– Я тебя не знаю. А то, как от тебя несет, к знакомству тоже не располагает.
– Сволочи!
– Пизанелли, надень на него наручники. Он поедет с нами. Год, а если ему повезет – шесть месяцев. Полгода его не будет на улицах – многие нам за это скажут спасибо.
– Господи, да не мой это пистолет.
– Посмотри-ка, нет ли у него в карманах какого снадобья.
– Нет у меня ничего. – Бельтони завертел головой, и на его грязном лбу заплясали косицы.
– Ничего такого, что не требовало бы дезинфекции. – У Тротти сперло дыхание. – Посмотри в ботинках.
– А что же негра-то не взяли?
– Помолчи.
– Возьмите негра, зелье у него. – В хнычащем голосе чувствовался сильный миланский акцент. Налитые кровью глаза казались неестественно большими. – У меня ничего нет. Торгует негр. Почему вы его не взяли?
Боатти все это время сидел в машине, приоткрыв заднюю дверцу и выставив одну ногу на тротуар. Его круглое лицо побледнело.
– Шевелись, Пизанелли. Посмотри у него в ботинках.
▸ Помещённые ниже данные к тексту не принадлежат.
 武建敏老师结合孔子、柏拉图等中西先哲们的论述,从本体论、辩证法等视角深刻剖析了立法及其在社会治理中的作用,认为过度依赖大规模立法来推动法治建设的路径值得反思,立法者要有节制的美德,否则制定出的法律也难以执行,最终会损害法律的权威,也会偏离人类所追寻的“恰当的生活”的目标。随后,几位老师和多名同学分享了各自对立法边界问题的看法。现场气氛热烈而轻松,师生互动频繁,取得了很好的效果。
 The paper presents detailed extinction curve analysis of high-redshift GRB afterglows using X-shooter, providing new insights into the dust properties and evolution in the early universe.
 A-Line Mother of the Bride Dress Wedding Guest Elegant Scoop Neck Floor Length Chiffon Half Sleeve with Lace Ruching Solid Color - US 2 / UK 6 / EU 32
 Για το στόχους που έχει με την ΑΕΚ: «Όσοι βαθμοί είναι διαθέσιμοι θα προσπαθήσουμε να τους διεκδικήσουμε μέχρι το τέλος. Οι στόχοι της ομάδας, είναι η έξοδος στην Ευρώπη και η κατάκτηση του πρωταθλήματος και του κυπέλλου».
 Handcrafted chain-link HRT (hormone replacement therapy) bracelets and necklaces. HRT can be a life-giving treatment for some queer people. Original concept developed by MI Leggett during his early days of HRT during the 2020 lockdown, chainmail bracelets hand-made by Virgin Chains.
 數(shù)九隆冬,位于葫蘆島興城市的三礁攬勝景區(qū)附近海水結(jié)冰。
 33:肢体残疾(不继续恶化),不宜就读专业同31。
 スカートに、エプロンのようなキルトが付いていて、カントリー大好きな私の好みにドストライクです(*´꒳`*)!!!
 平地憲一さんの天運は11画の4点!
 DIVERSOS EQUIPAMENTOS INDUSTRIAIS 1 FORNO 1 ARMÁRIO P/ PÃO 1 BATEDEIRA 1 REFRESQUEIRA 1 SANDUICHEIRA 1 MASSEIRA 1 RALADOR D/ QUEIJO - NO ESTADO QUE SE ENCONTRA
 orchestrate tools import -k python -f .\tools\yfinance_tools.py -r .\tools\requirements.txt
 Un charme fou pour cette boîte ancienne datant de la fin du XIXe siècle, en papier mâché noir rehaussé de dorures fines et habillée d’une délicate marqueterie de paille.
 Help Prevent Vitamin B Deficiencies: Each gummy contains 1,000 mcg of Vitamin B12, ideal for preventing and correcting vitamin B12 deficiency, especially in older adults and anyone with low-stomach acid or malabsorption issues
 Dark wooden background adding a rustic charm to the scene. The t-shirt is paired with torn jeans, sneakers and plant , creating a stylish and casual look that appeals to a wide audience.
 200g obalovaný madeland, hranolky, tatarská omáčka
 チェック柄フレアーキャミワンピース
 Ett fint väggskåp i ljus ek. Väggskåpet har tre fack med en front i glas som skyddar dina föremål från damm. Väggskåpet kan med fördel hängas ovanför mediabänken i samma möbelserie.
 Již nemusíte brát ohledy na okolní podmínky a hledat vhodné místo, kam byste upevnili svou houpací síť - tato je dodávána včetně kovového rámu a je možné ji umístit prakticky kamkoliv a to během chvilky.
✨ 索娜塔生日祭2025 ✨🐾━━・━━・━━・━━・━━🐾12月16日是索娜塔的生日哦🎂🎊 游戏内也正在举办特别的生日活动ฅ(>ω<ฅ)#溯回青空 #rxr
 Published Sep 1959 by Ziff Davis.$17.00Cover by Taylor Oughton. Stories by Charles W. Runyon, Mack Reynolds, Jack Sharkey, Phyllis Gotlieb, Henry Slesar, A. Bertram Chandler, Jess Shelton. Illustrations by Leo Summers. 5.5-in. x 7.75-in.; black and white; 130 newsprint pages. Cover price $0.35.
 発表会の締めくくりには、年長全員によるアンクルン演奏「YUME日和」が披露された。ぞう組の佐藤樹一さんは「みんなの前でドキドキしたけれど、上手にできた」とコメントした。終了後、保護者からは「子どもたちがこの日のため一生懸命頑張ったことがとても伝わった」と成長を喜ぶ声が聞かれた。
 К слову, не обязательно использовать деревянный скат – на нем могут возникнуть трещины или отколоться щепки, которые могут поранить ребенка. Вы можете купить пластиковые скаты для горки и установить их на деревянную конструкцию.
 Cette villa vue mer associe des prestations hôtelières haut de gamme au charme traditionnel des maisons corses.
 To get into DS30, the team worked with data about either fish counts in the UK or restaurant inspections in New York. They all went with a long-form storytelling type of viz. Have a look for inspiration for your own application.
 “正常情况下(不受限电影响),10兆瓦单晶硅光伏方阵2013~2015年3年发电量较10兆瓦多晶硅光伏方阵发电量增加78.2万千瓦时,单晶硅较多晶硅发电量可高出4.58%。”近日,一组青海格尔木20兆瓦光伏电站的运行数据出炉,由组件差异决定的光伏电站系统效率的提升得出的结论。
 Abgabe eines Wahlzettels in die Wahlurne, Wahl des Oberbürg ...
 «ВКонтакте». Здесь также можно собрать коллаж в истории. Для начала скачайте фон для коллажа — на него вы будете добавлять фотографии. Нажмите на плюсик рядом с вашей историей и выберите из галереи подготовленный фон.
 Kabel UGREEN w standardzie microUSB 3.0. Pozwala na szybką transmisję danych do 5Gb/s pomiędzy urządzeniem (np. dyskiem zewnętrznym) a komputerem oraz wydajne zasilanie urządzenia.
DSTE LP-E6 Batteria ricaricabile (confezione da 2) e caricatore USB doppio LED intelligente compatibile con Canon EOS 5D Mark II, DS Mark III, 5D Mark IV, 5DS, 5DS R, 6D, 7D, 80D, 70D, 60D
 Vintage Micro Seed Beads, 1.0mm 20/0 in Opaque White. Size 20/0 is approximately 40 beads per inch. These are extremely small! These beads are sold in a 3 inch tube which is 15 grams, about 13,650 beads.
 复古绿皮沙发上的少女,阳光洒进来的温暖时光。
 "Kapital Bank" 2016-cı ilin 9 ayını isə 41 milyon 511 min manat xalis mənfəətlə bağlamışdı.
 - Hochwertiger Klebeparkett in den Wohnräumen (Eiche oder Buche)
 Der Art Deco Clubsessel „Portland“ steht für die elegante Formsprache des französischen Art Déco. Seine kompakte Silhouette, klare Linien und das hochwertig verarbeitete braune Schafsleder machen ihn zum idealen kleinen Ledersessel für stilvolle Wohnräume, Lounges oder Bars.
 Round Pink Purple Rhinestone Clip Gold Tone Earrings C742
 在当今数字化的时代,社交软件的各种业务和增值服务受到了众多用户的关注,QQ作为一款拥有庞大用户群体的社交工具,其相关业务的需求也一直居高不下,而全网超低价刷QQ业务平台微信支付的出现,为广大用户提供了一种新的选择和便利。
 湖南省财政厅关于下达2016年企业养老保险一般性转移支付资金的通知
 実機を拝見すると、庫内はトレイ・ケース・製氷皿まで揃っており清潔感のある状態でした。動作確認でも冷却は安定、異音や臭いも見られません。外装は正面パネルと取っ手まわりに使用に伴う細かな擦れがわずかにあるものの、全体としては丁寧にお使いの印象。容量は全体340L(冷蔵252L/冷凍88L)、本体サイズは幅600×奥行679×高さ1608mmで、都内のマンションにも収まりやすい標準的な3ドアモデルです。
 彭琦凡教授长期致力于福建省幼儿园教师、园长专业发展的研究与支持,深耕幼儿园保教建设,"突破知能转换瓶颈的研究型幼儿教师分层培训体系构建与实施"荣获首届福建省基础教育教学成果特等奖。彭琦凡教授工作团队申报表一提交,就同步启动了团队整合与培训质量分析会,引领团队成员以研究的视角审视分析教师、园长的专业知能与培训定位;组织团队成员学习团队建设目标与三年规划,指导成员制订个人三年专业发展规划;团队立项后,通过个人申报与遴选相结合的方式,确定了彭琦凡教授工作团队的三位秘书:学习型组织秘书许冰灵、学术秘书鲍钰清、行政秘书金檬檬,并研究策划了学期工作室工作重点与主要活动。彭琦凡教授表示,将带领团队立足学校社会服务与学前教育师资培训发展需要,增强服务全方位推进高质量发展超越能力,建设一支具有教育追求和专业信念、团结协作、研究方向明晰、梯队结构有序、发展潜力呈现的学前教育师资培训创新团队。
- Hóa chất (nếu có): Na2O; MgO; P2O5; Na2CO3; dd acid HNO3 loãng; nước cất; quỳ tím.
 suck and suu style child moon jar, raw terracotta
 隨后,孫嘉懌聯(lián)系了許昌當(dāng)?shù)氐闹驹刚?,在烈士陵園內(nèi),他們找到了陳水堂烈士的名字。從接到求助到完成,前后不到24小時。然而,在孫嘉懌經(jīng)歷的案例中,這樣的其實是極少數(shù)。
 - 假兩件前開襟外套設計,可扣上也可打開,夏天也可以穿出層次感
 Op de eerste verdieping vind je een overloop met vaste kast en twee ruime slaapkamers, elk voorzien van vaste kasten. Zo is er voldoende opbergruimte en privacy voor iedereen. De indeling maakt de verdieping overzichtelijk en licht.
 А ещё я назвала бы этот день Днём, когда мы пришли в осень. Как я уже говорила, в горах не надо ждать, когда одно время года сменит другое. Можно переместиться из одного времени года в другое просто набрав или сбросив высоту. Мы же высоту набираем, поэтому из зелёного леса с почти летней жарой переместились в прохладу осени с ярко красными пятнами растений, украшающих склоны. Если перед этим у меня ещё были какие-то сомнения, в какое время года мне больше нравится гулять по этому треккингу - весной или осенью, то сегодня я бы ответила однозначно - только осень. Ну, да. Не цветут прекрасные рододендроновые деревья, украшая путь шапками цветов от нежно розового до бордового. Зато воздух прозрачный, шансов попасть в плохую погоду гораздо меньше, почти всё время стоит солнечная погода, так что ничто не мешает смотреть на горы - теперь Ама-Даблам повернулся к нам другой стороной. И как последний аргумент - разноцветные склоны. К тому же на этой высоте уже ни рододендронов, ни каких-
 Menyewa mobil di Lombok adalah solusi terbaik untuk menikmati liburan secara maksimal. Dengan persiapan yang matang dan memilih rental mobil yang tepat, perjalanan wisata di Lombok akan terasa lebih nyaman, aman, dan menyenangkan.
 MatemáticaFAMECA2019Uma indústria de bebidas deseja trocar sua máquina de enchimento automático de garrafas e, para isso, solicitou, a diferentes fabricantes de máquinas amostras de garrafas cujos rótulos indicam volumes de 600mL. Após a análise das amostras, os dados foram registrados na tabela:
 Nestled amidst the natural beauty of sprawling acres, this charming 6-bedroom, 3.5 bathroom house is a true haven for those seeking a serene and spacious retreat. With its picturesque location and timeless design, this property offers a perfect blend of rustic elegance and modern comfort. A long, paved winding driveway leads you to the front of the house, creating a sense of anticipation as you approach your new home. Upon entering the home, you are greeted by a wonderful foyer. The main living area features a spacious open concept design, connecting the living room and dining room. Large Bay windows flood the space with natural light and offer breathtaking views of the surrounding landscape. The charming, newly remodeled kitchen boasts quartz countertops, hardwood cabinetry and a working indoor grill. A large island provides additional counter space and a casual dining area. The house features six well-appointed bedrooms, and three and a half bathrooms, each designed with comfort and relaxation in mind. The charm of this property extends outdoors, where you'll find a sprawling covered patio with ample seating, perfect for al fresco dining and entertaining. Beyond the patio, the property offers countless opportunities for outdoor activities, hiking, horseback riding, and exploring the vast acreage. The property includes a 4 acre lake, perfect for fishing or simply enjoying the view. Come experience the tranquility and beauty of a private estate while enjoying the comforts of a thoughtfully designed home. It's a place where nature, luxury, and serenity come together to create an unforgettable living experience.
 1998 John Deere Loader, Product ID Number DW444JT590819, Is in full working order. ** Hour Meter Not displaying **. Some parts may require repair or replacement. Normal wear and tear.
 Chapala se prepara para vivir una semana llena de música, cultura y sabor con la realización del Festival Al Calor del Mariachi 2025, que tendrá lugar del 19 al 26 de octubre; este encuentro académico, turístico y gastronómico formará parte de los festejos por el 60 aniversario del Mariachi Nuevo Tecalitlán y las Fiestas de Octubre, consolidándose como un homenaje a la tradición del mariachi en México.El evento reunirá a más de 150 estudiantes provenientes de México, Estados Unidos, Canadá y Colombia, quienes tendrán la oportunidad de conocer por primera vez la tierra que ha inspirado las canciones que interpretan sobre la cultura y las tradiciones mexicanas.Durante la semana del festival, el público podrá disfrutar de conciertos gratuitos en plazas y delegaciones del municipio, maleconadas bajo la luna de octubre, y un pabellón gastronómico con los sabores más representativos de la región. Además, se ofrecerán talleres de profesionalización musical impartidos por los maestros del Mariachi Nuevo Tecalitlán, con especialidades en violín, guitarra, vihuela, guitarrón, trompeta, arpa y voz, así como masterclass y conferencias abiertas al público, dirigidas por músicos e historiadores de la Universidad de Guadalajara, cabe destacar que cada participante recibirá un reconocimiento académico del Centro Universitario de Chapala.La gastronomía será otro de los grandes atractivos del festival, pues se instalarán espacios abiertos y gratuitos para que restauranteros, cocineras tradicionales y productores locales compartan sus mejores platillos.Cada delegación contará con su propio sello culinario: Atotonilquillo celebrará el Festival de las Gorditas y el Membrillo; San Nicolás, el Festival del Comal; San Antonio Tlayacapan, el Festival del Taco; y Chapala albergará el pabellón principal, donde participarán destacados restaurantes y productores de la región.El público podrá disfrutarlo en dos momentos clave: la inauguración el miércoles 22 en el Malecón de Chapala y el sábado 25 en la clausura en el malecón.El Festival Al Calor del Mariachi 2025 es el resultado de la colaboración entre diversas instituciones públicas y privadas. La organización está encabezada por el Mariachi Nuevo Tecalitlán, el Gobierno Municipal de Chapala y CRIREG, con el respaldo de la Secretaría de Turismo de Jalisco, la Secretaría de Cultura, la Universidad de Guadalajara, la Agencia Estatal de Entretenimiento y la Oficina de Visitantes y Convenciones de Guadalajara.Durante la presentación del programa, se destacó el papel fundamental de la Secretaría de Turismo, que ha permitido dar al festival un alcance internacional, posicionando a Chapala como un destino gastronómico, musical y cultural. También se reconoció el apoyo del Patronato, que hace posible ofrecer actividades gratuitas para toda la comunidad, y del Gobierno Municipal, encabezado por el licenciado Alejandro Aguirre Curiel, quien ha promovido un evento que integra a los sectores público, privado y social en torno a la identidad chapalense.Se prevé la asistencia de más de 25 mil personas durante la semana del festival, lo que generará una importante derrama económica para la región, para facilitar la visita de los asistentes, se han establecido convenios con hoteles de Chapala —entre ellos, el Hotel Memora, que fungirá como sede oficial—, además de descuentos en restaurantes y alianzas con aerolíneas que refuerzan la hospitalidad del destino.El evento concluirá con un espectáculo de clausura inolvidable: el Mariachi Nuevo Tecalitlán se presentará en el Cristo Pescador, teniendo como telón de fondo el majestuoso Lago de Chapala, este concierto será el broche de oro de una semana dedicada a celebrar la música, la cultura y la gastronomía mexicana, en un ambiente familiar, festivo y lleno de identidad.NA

В зловонном дыхании Бельтони чувствовался запах голода, алкоголя и табака. Носков на нем не было. Из левой баскетбольной туфли Пизанелли извлек складной нож. Когда он стал обыскивать карманы джинсов, Бельтони рванулся своим худым телом назад, пытаясь увернуться.
– Сволочи!
Рывок был не очень сильным, Бельтони задел лишь голову Пизанелли.
– Оставьте меня в покое, сволочи!
Не выпуская из рук пистолет «беретта», который в кобуре носил с собой Пизанелли, Тротти ударил Бельтони по пояснице. Потом, когда тот развернулся, коленом нанес ему удар в пах.
Бельтони застонал, согнулся, и Пизанелли надел на его бледные узкие запястья наручники.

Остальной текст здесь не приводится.